(Stored dataset items)

---------------

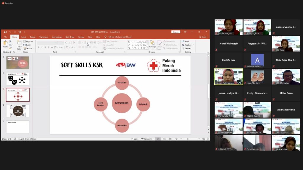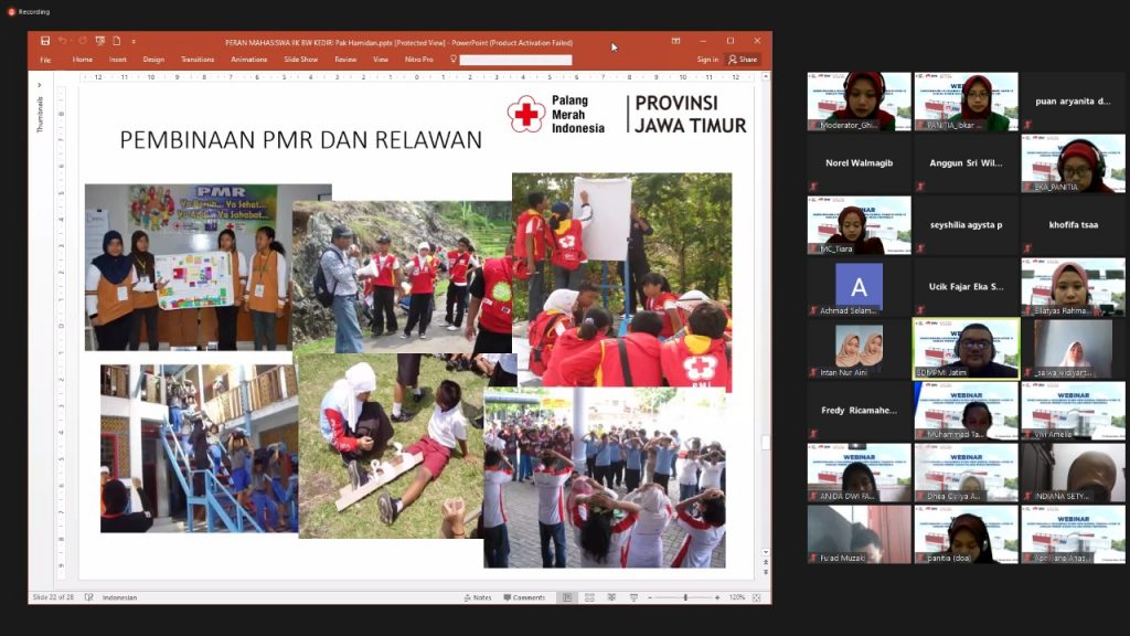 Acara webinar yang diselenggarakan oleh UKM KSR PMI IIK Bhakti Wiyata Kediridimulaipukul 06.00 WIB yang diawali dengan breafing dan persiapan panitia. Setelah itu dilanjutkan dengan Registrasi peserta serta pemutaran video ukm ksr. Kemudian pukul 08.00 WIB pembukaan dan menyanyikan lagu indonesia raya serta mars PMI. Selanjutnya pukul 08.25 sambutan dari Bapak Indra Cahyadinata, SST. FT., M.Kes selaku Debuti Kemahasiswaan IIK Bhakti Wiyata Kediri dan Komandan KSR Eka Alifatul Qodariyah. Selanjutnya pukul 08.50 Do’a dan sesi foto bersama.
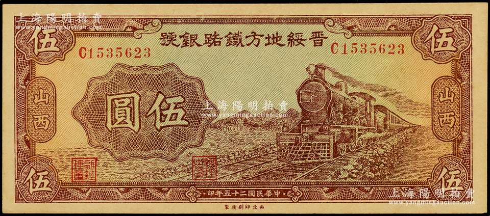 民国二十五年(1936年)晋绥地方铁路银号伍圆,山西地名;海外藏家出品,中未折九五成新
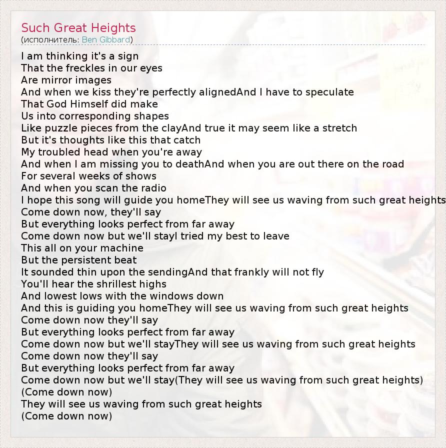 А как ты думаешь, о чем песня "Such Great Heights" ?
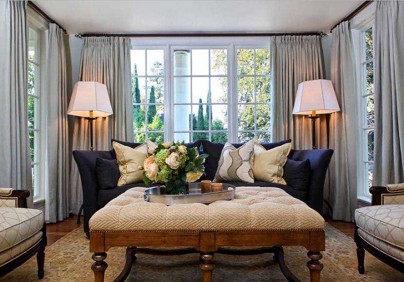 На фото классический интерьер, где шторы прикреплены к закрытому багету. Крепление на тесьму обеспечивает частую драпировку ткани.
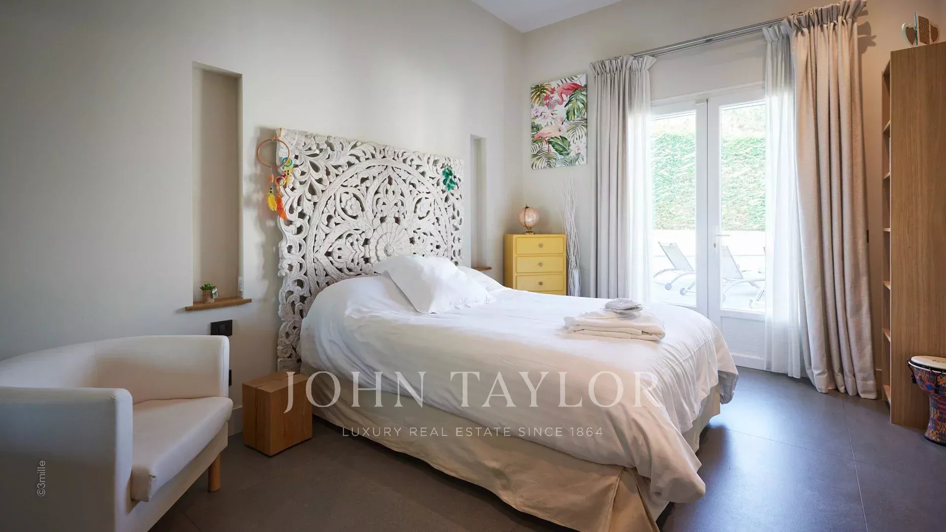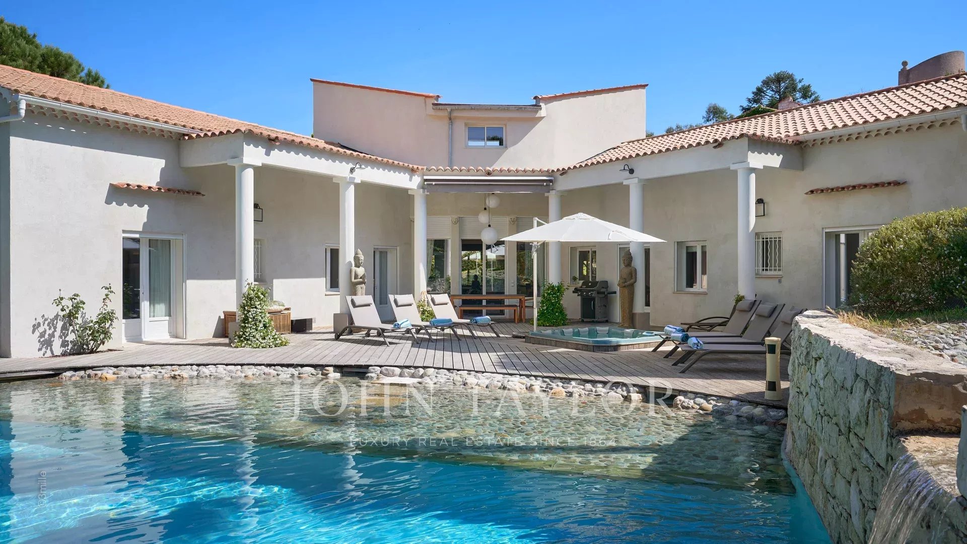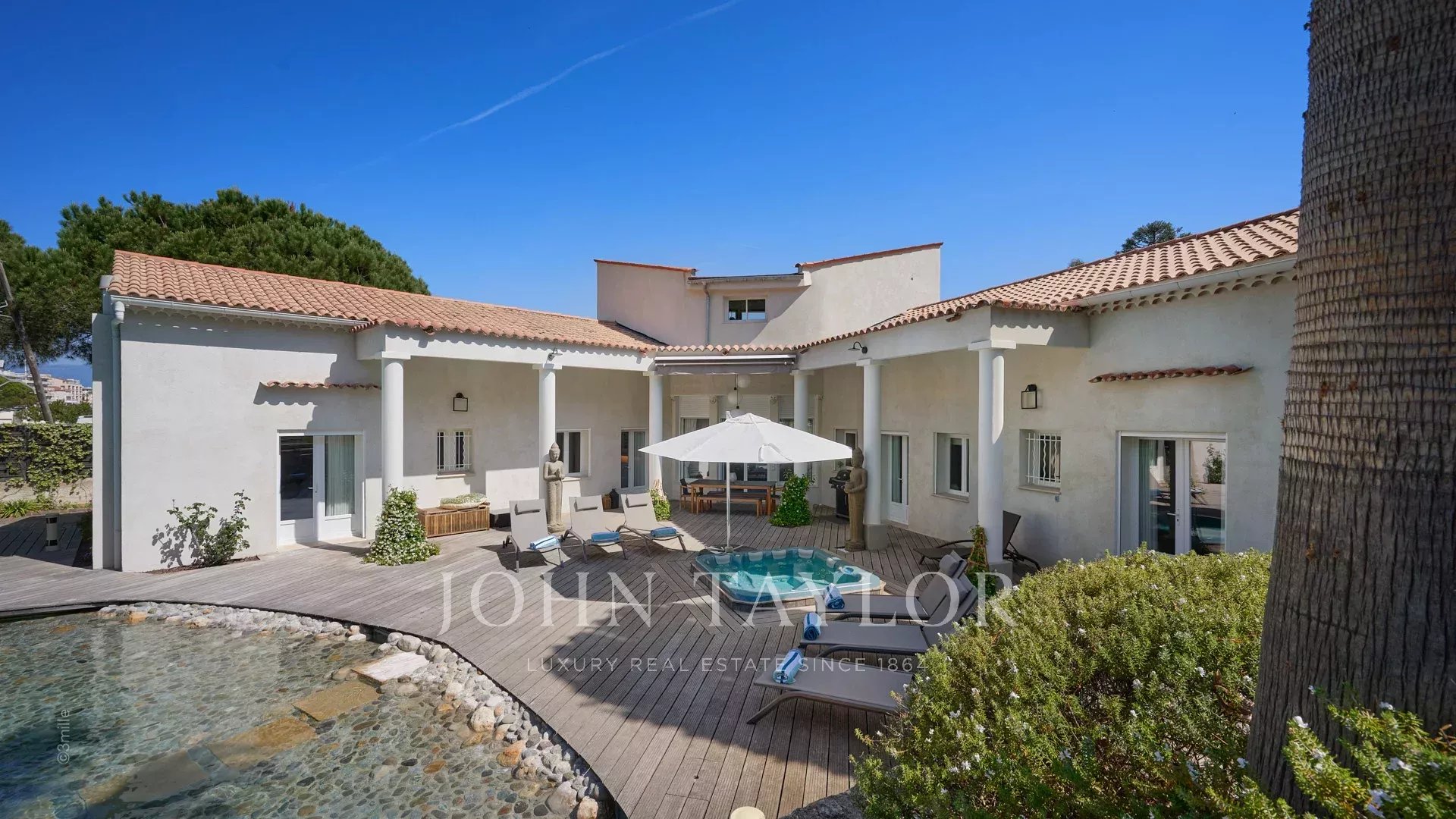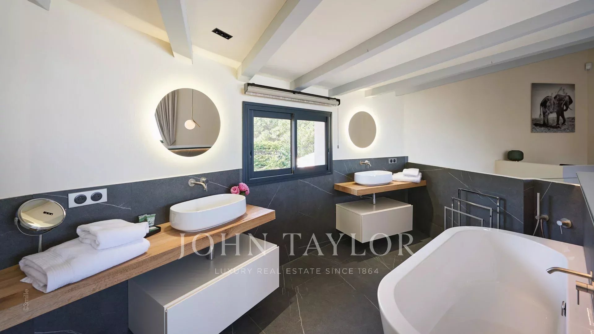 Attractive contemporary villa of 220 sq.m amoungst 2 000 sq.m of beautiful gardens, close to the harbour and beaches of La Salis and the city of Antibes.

---------------

Task details
From the line that contains "А как ты думаешь, о" to the last line of the records above, copy each line exactly, both ends included, and leave the pictures out.

Solution for this exercise
 А как ты думаешь, о чем песня "Such Great Heights" ?
 На фото классический интерьер, где шторы прикреплены к закрытому багету. Крепление на тесьму обеспечивает частую драпировку ткани.
 Attractive contemporary villa of 220 sq.m amoungst 2 000 sq.m of beautiful gardens, close to the harbour and beaches of La Salis and the city of Antibes.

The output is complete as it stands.